▶ [Exercise details]: Report each line from the data below that holds the word "There".

▶ [Given data]:
========================================================================

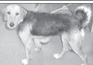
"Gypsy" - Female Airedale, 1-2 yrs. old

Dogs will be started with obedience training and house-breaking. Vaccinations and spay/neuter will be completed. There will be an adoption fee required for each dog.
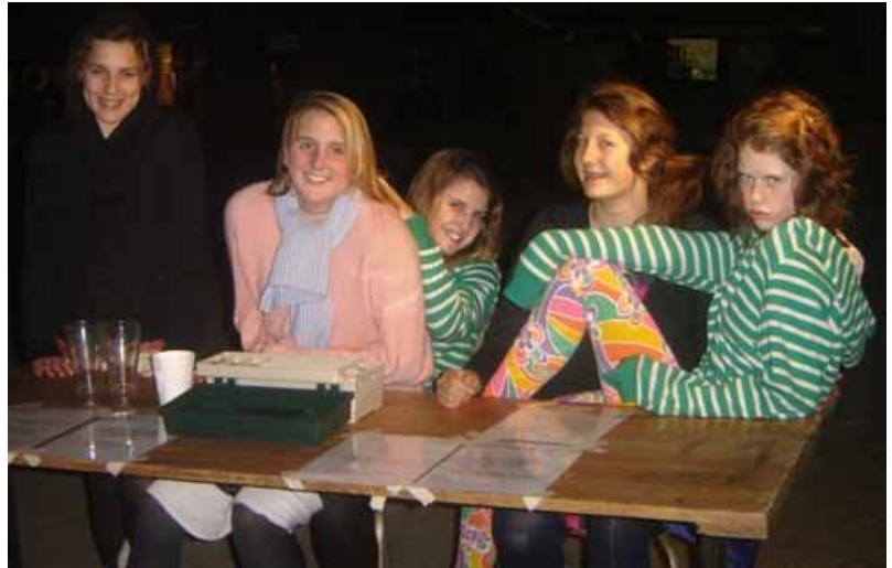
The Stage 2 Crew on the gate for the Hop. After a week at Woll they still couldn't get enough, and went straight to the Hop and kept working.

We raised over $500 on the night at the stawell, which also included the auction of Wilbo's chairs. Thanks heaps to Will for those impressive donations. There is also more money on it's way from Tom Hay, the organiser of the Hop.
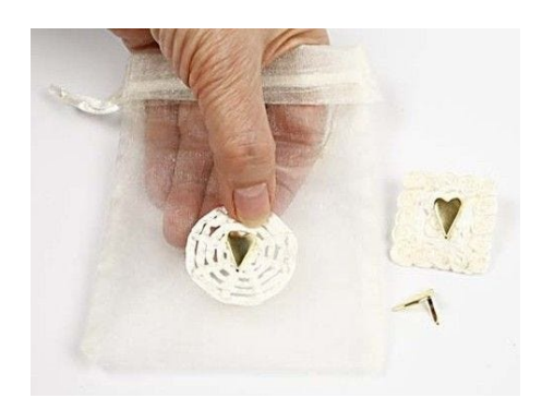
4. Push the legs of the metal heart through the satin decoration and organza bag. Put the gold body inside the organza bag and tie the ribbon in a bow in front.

========================================================================

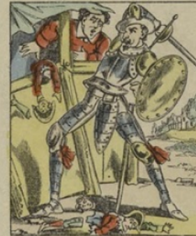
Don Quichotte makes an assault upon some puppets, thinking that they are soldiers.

========================================================================

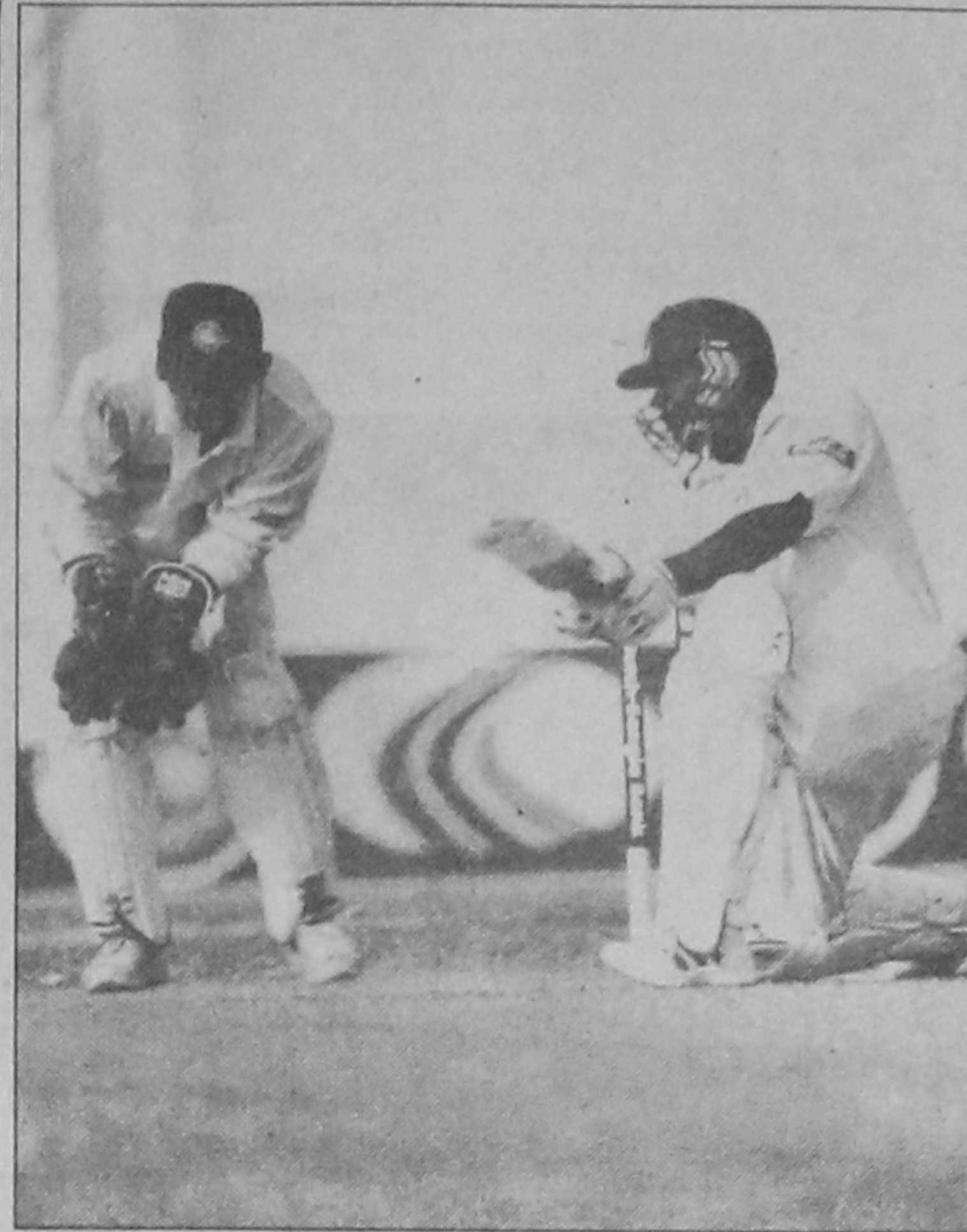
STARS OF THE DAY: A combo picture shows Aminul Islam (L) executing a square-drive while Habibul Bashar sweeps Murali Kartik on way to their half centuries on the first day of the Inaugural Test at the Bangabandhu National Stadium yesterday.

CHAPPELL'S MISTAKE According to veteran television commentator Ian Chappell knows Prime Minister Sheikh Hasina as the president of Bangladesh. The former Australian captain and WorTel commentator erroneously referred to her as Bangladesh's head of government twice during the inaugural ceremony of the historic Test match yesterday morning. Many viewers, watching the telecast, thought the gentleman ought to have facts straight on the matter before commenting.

========================================================================

▶ [Expected answer]:
Dogs will be started with obedience training and house-breaking. Vaccinations and spay/neuter will be completed. There will be an adoption fee required for each dog.
We raised over $500 on the night at the stawell, which also included the auction of Wilbo's chairs. Thanks heaps to Will for those impressive donations. There is also more money on it's way from Tom Hay, the organiser of the Hop.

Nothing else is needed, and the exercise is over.